3. The Import General Manifest was delivered on 12-8-1999.
4. At the time of the presentation of bills of entry on 7-8-1999 as well as at the time of the delivery of manifest on 12-8-1999, crude oil was liable to customs duty @ 10% ad valorem and sales tax was exempt in terms of the Sixth Schedule to the Sales Tax Act, 1990. On 16-8-1999, there was a change in the rate of sales tax as the exemption available to crude oil was withdrawn through the issuance of the Notification S.R.O. No. 922(1)/1999, dated 16-8-1999. During the finalization of the assessment, the Appraising Officials demanded payment of sales tax. However, the company through noting on the reverse of the bail of entry stated that the exemption from sales tax was available on 12-8-1999, the day, when the manifest for the vessel was delivered. Therefore, the company was not liable to pay sales tax on the imported goods.
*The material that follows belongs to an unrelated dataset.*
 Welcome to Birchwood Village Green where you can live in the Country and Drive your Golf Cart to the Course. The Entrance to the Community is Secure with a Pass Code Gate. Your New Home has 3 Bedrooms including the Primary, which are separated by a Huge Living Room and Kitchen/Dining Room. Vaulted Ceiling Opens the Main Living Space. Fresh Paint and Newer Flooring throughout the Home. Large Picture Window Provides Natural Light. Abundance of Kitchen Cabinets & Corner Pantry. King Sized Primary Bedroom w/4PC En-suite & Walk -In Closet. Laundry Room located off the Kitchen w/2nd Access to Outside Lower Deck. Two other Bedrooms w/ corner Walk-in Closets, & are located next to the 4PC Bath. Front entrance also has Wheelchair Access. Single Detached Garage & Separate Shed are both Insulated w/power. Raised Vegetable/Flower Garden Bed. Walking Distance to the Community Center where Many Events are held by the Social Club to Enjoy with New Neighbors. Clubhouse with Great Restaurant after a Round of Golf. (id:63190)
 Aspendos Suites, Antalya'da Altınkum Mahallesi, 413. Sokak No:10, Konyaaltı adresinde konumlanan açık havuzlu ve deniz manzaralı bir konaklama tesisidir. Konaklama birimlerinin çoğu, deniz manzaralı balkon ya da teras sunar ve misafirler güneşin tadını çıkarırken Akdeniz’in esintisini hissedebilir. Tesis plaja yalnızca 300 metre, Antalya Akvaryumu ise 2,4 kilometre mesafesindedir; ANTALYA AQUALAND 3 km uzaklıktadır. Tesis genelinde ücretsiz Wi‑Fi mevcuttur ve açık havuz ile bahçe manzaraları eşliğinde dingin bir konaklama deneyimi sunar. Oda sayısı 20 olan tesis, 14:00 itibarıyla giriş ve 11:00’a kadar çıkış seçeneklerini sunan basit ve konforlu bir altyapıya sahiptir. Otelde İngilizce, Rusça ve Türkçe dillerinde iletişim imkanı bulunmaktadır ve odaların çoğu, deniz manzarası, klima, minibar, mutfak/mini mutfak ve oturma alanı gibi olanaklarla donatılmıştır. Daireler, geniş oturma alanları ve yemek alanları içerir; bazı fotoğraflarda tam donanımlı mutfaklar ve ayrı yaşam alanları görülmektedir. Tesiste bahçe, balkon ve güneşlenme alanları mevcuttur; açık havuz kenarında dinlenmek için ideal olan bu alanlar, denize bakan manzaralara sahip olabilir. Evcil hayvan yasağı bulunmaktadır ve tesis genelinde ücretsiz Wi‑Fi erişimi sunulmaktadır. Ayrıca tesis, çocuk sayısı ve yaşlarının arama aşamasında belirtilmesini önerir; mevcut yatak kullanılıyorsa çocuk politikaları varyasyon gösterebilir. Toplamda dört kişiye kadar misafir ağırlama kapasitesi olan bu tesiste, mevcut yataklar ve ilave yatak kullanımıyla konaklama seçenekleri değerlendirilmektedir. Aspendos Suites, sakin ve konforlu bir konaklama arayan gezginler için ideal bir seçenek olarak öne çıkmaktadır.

The contention of the company was accepted by the officials of the oil section and the bill of entry was accordingly, completed for final assessment and payment.
5. After a lapse of more than one year, a show-cause notice was issued. It was stated therein---
" ....The assessment was done on the misunderstanding that the import had been covered under section 79(2) of the Customs Act, 1969 and accordingly, the crucial date for assessment was taken as, the date of IGM, i.e. 12-8-1.999 when exemption of sales tax was allowed under Schedule VI to the Sales Tax Act, 1990. Whereas in terms of S.R.O. 922(1)/99, dated 16-8-1999 the sales tax was chargeable on the consignment under section 30 of the Customs Act, 1969 for which the bill of entry was presented on or after 16-8-1999. Keeping in view the application of the said S.R.O., the sales tax should have been levied 0 15%, on all bills of entry filed after the issuance of the said S.R.O. Thus, on account of misinterpretation of section 30 of the Customs Act, 1969, an amount of Rs. 7,74,50,602 was short levied towards the sales tax .... "
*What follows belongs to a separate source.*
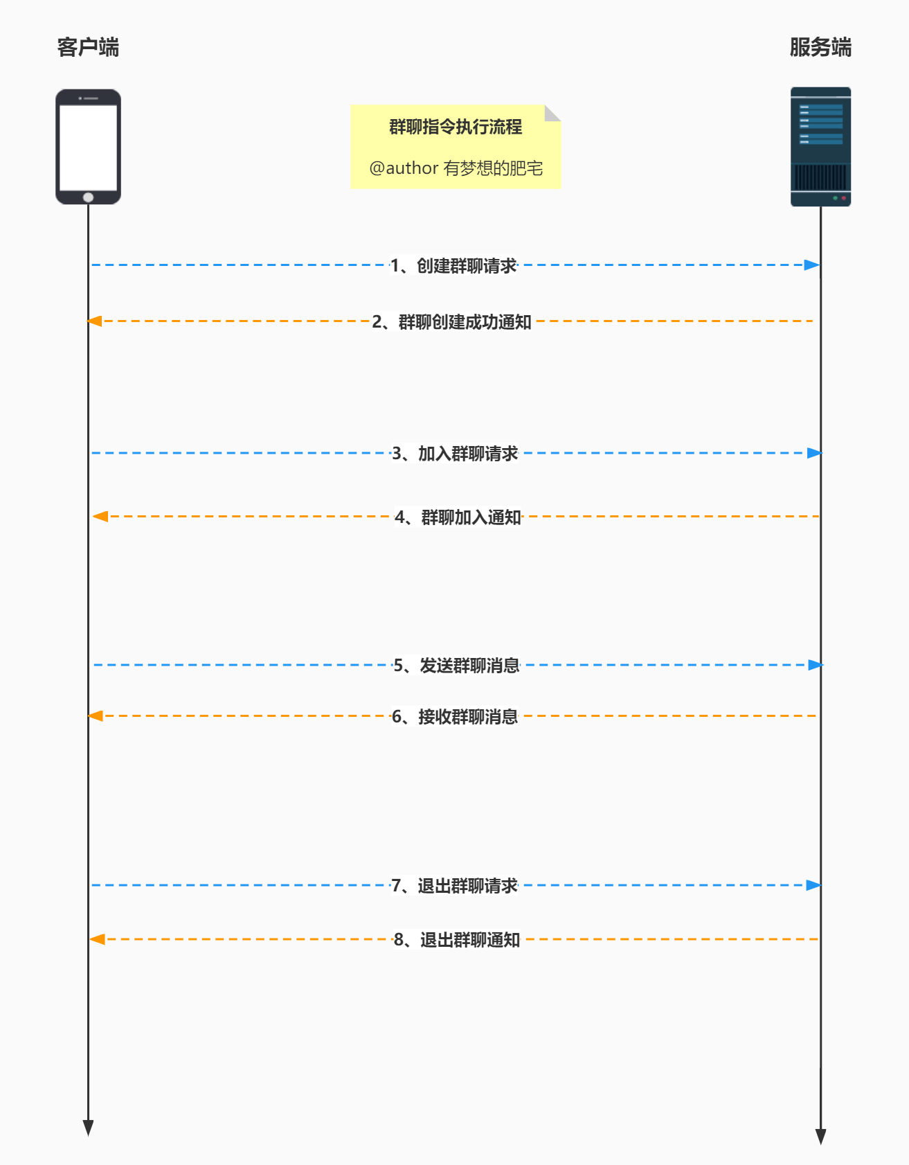 - 3、群聊中任意一方在群里聊天的时候,将群ID发送至服务端,服务端获取到群ID后,取出对应的用户标识,遍历用户标识对应的TCP连接,就可以将消息发送至每一个群聊成员。

6. The company denied the charges levelled against it. The adjudicating officer, however, did not agree with the contention of the company. He accordingly enforced the demand. The said order is now being assailed through the present appeal inter alia on the following grounds:
(a) The factual position in respect of both of the consignments, as admitted by the department as well as the respondent-Company, is follows:
(i) Both of the bills of entry were presented in advance of the arrival of the conveyance on 7-8-1999.
(ii) The machine numbers for both the bills of entry were allocated on 18-8-1999.
(b) The only dispute is with regard to the change in the rate of sales tax which was made effective from 16-8-1999. The provisions with regard to the change in the rate of tax are contained in section 5 of the Sales Tax Act, 1990.
7. We have heard the parties. We believe that the demand raised by the department is illegal and not called for due to the following reasons:
(a) that the sales tax in respect of goods imported into Pakistan is to be charged and paid in the same manner and at the same time as if it were a duty of customs and the provisions of the Customs Act, so far as they relate to collection, payment and enforcement of tax on such goods are applicable, and where no specific A provision exists in the Sales Tax Act, 1990. Thus, it is categorically envisaged in subsection (1) of section 6 that where specific provision exists in the Sales Tax Act, 1990, the same shall override the provisions contained in the Customs Act, 1969. It is evident from the perusal of the foregoing paragraphs that specific provisions exist in the Sales Tax Act with regard to the change in the rate of tax and these provisions are contained in section 5 of the said Act.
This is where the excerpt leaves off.